Differential Privacy#

Synthesized can incorporate differential privacy techniques into the process that is used to build the generative model of the data. This ensures a mathematical guarantee of an individual’s privacy in the original data and reduces the the risk of data leakage in the Synthesized data.

Specifically, Synthesized utilizes \((\epsilon, \delta)\)-differential privacy defined by

\[\frac{\mathrm{P}(\mathcal{M}(D))}{\mathrm{P}(\mathcal{M}(D'))} \leq e^{\epsilon} + \delta\]

where \(D\) is the original data, \(D'\) is the original data with an individual’s row removed, \(\mathcal{M}\) is a stochastic function of the original data, and \(\mathrm{P}\) is the corresponding probability distribution. Differential privacy provides an upper-bound on the privacy loss of an individual, by ensuring that the output of the stochastic function \(\mathcal{M}\) differs by at most \(e^{\epsilon}\) when applied to a dataset with the invidivual, and a dataset excluding the individual. The parameter \(\delta\) relaxes the constraint, allowing differential privacy to be used in a greater range of applications.

Note

There is an unavoidable trade-off between the privacy and utility of a dataset. Smaller values of \(\epsilon\) provide stronger privacy guarantees, but will inherently reduce the usefulness of the data.

Differential privacy can be enabled by setting by setting differential_privacy = True in HighDimConfig:

In [1]: from synthesized.config import HighDimConfig

In [2]: config = HighDimConfig()

In [3]: config.differential_privacy = True

In addition, there are several parameters that will need to be adjusted depending on the desired level of privacy as well as the size of dataset being learned.
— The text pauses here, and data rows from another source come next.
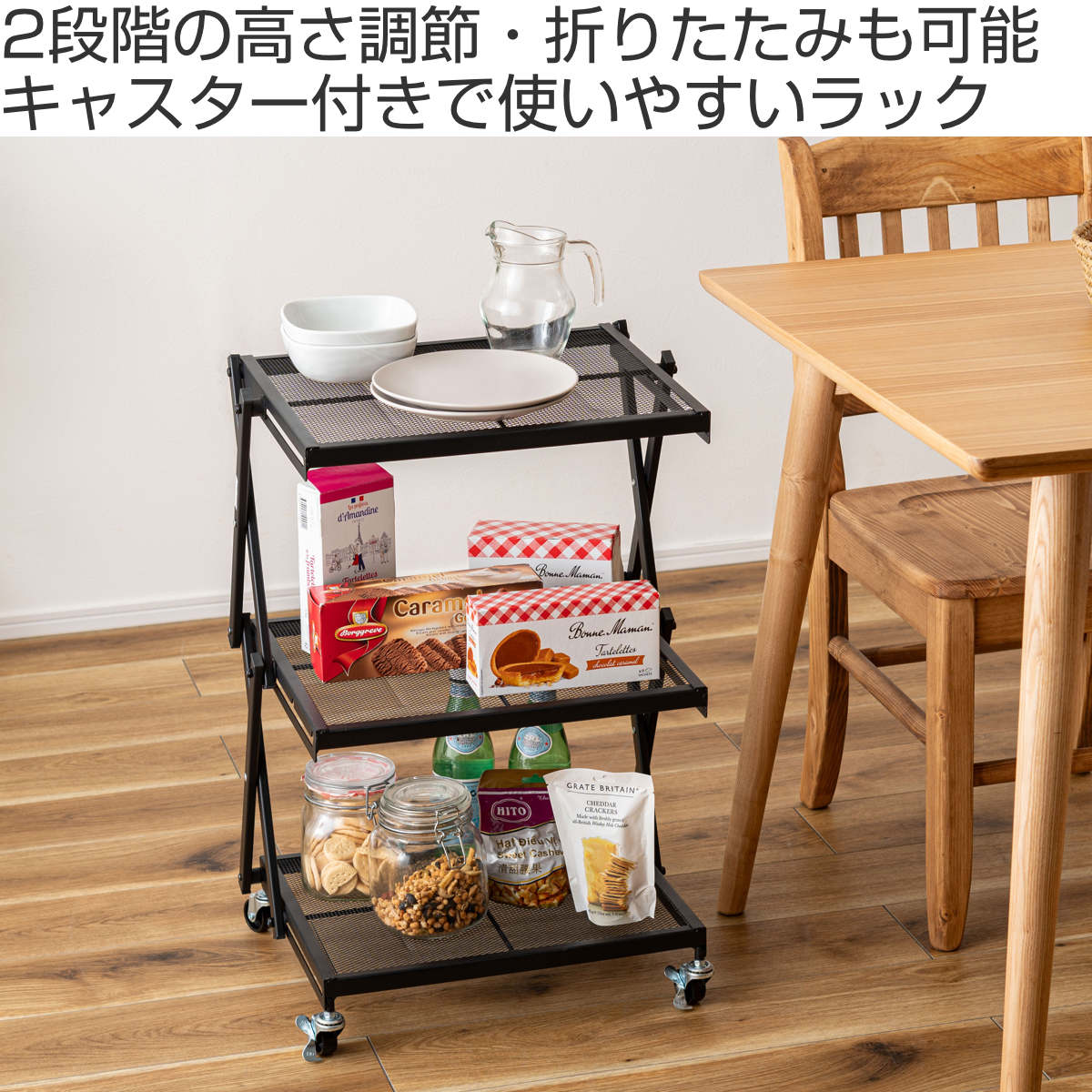 2段階の高さ調節で使いやすいラック 折りたたんで収納もOK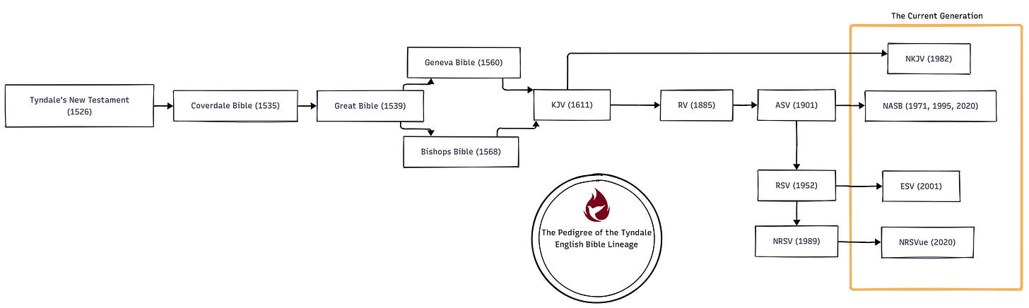 Of course, I greatly value translations that are outside the English Bible tradition—especially the CSB and the NET. I find them refreshing and good tools for study alongside the original languages. Yet, they can’t replace our cultural memory for a variety of reasons. Chief among them is our cultural memory grounded in the Tyndale-King James lineage. In the English world, before the publishing of the NIV in 1978, nearly every Bible was in this lineage: from Tyndale’s New Testament in 1525 to the Revised Standard Version in 1952, everyone was reading from Bibles of the same lineage and a shared base text. That means for over 450 years, the culture of the English-speaking world was influenced by one shared biblical basis, with only minor variations, but largely grounded in the stability of the King James Version (KJV) and those translations derived from her. It is impossible for a new Bible tradition to have that level of impact. New translations only divide the English pedigree, and the rise of new translations have not created new pedigrees. Rather, there is the traditional pedigree on one hand, and disarray on the other.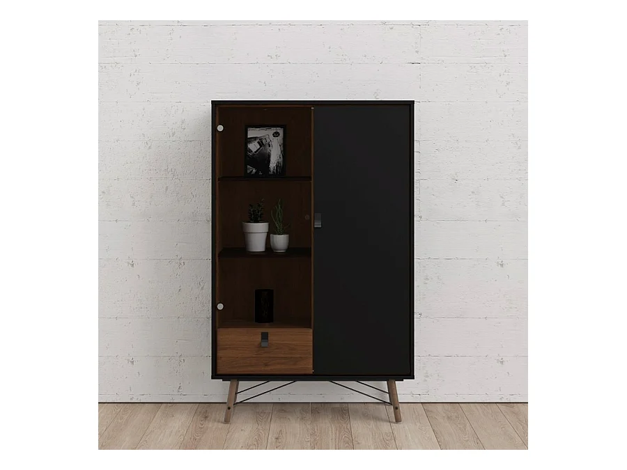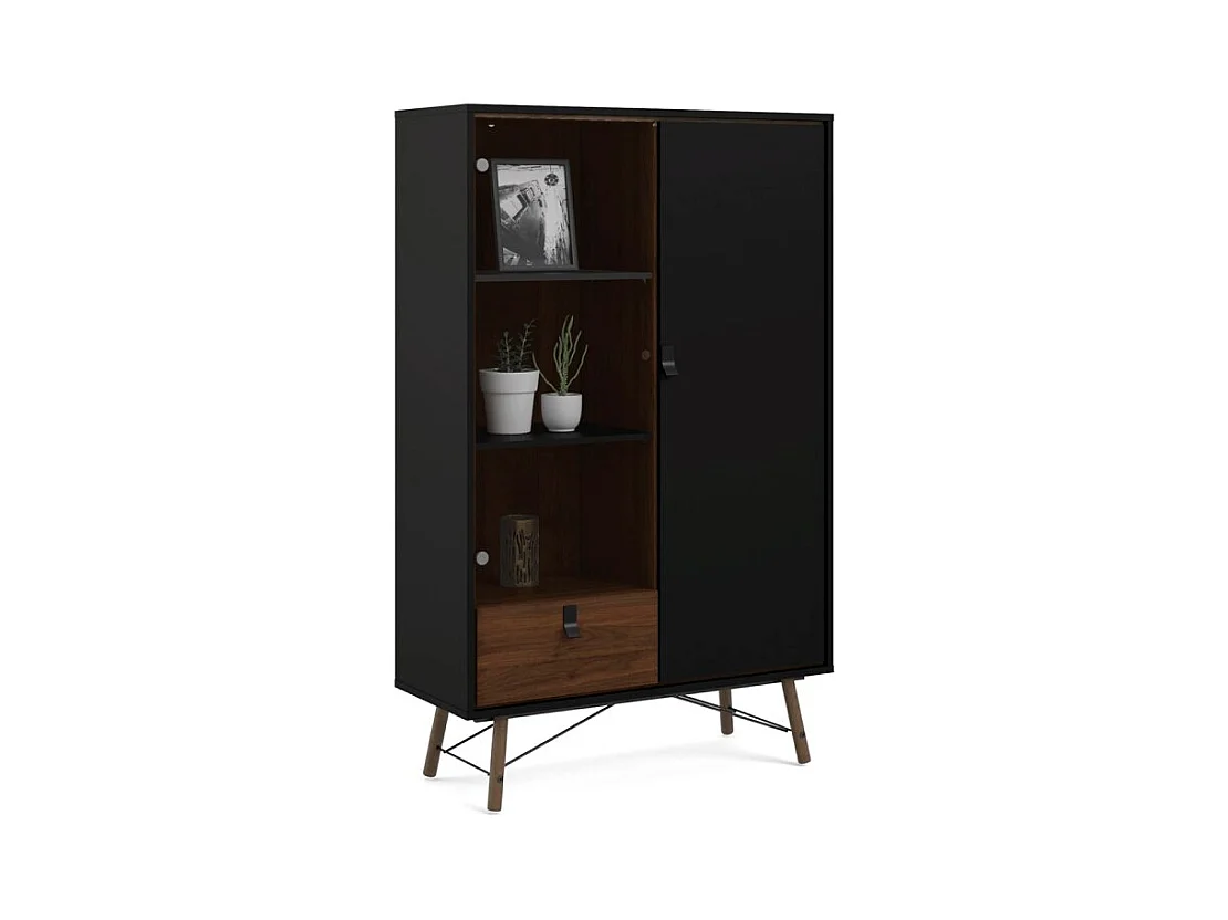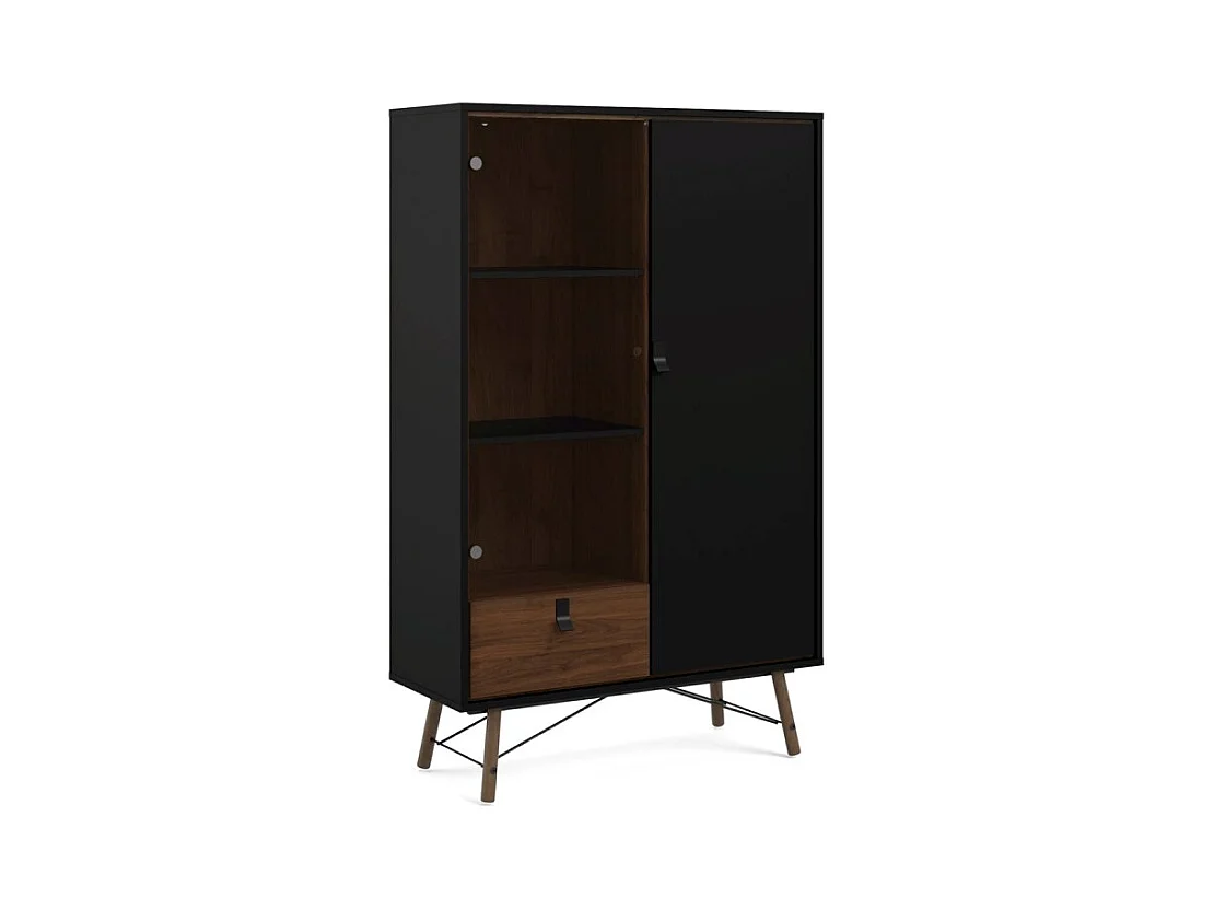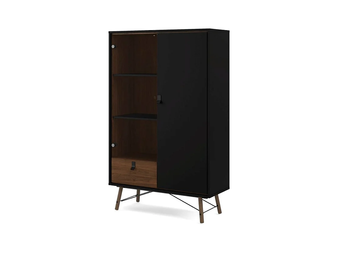 Rye Vitrinenschrank 1 Glastür, 1 Tür, 1 Schublade mattschwarz, wallnuss Dekor.

  • config.epsilon: This sets the desired level of \(\epsilon\), with smaller values producing more private data. Training of the model is aborted if this value is reached. It is important to note that it may not be possible to obtain the desired level of \(\epsilon\) as it depends strongly on the size of the dataset together with the amount of noise added.
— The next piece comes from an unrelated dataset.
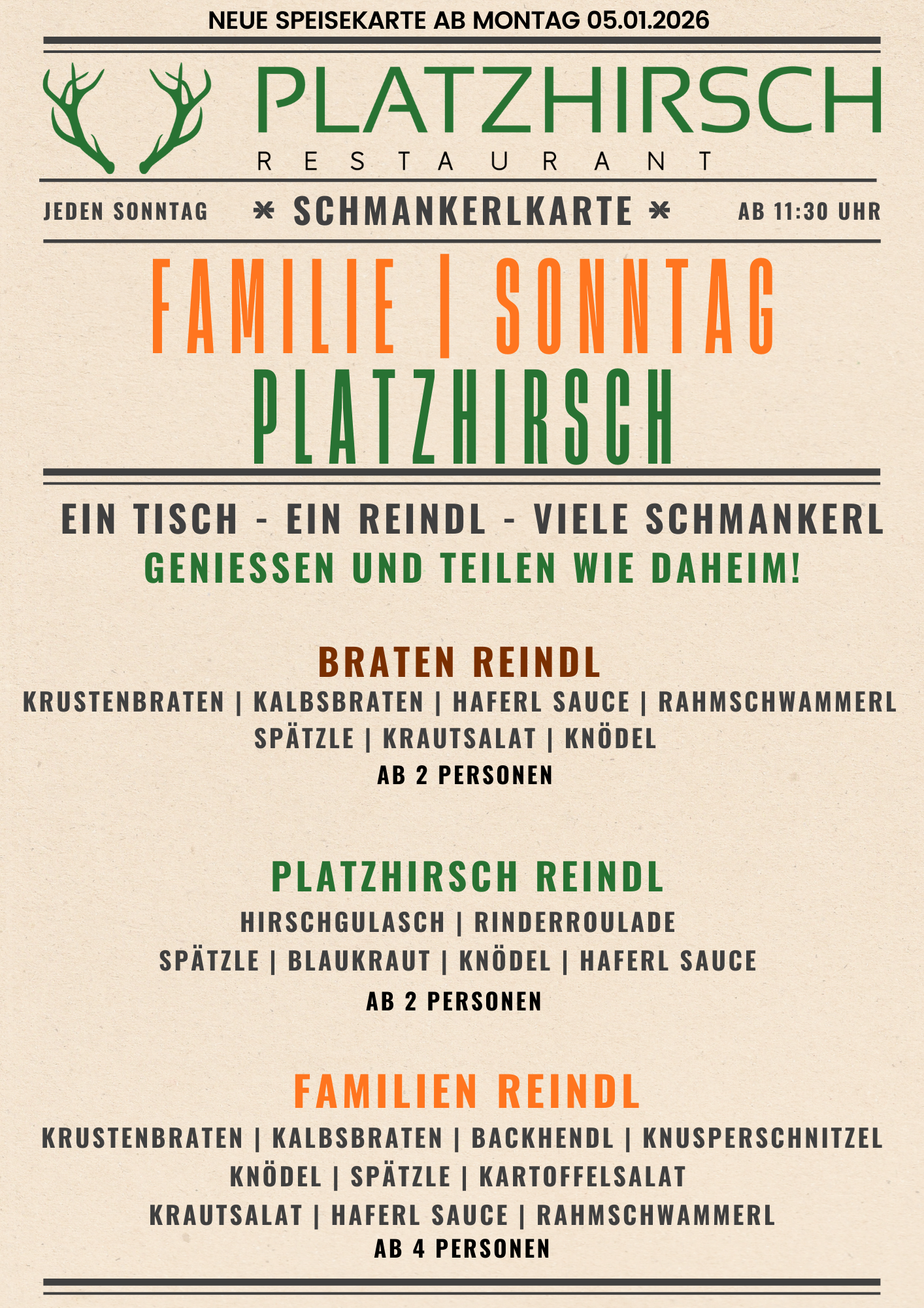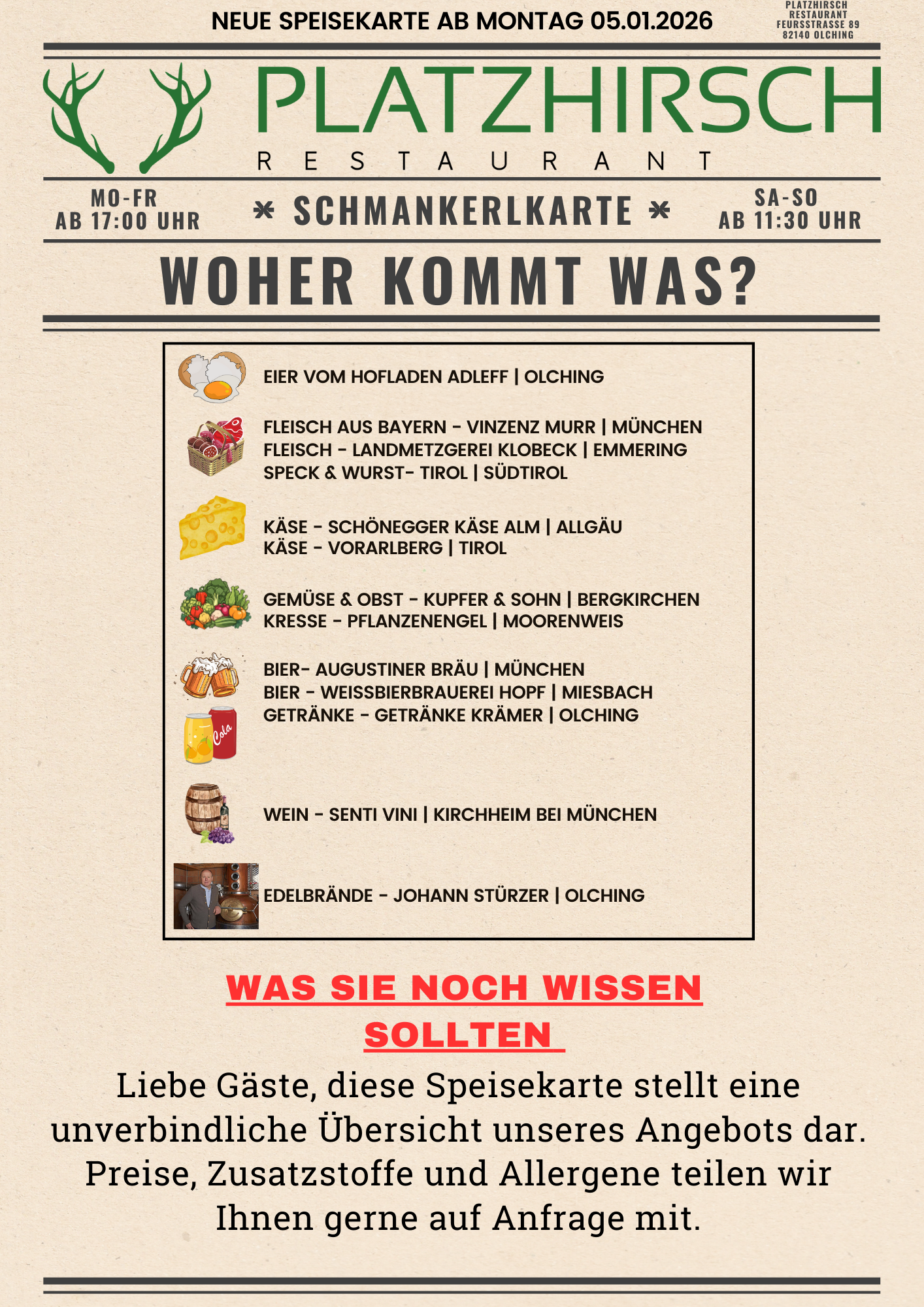 Restaurant Platzhirsch: Unsere Speisekarte

  • config.noise_multiplier: The amount of noise added to ensure differential privacy can be achieved. Values are typically in the range 1.0 to 10.0. Higher values allow smaller values of \(\epsilon\) to be reached and therefore greater privacy, but lower data quality.

config.l2_norm_clip, config.num_microbatches, and config.delta can also be tuned, but it is recommended to keep them at their default value.

The HighDimConfig can then be passed to HighDimSynthesizer to train a Synthesizer with differential privacy guarantees.

In [4]: synthesizer = HighDimSynthesizer(df_meta, config=config)

In [5]: synthesizer.learn(...)

Warning

Enabling differential privacy may significantly slow down the learning process.

Once trained, the value of \(\epsilon\) reached by the Synthesizer for the particular dataset can be obtained with:

In [6]: synthesizer.epsilon

In [7]: 0.8